Look for the country of origin tag. Again, the garment may not have one as this has only been a more recent manufacturing requirement. However, if you find one that reads China, it is less likely you are dealing with a vintage piece---most were made in France or Italy. Also, care instruction tags didn't begin to appear until around the 1960s.
Try the item on in your size. If it doesn't fit as a standard size, or if the seaming on the sleeves or waist seems higher or lower than contemporary styles, you may have a vintage item.
Check the stitching. Because vintage pieces were more often hand sewn to fit a specific person, the stitching may be less uniform than what you would find with an item that is machine sewn.

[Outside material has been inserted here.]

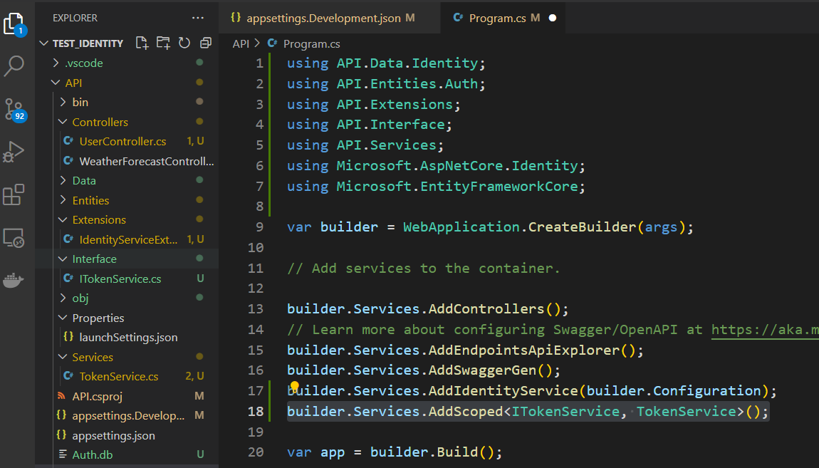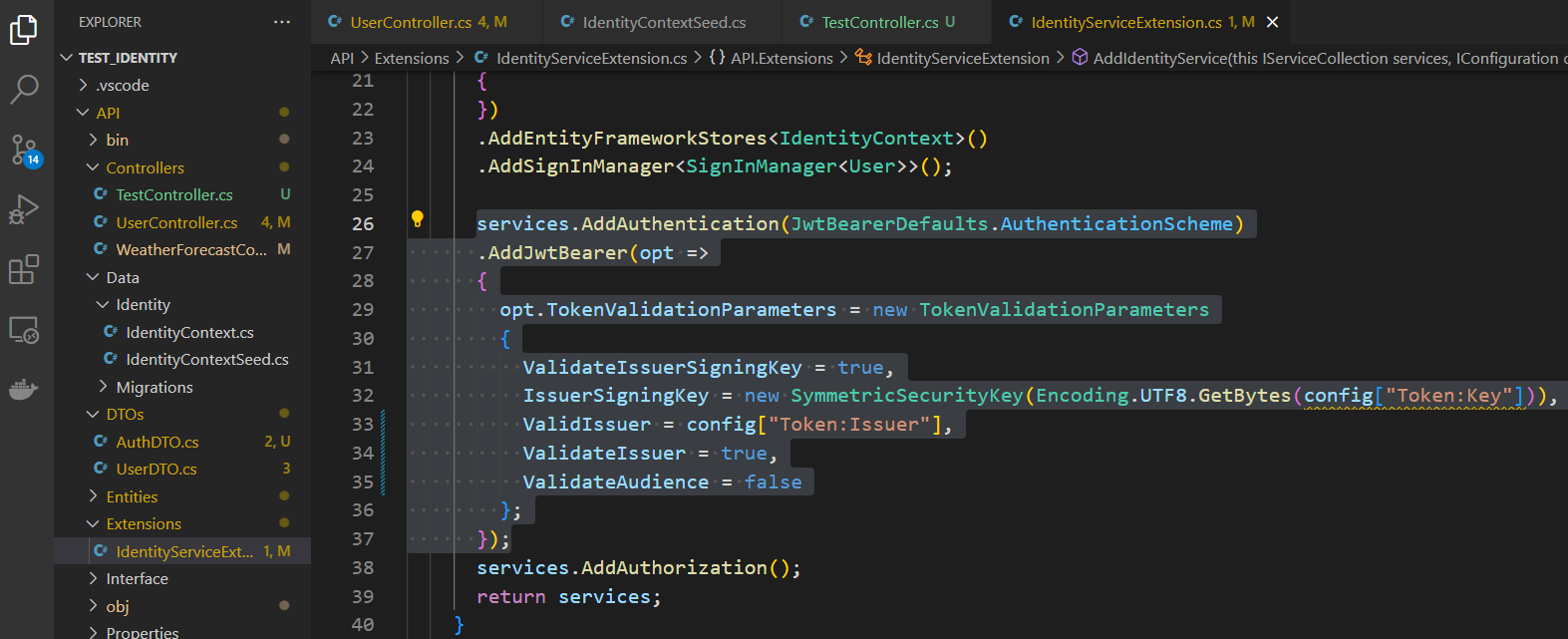Go to the identity service extension class and add the code shown below
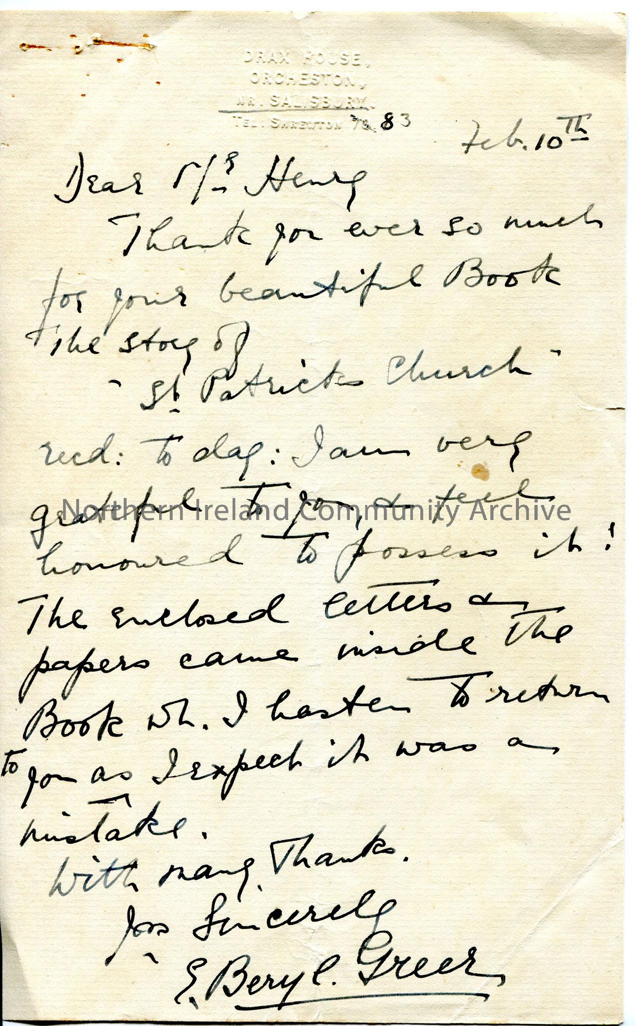 Handwritten letter thanking Sam for book on St Patrick’s Church.

Feel the fabric. Most vintage items were made of natural materials such as wool, cotton, or silk, although from the '60s on, you'll find more synthetics like polyester.
Look closely at the zippers and buttons. Typically buttons will be metal instead of plastic, and will be more detailed or intricately engraved. Zippers are also usually metal, brass or Bakelite (which looks like plastic, but is slightly heavier), and are slightly wider than modern versions.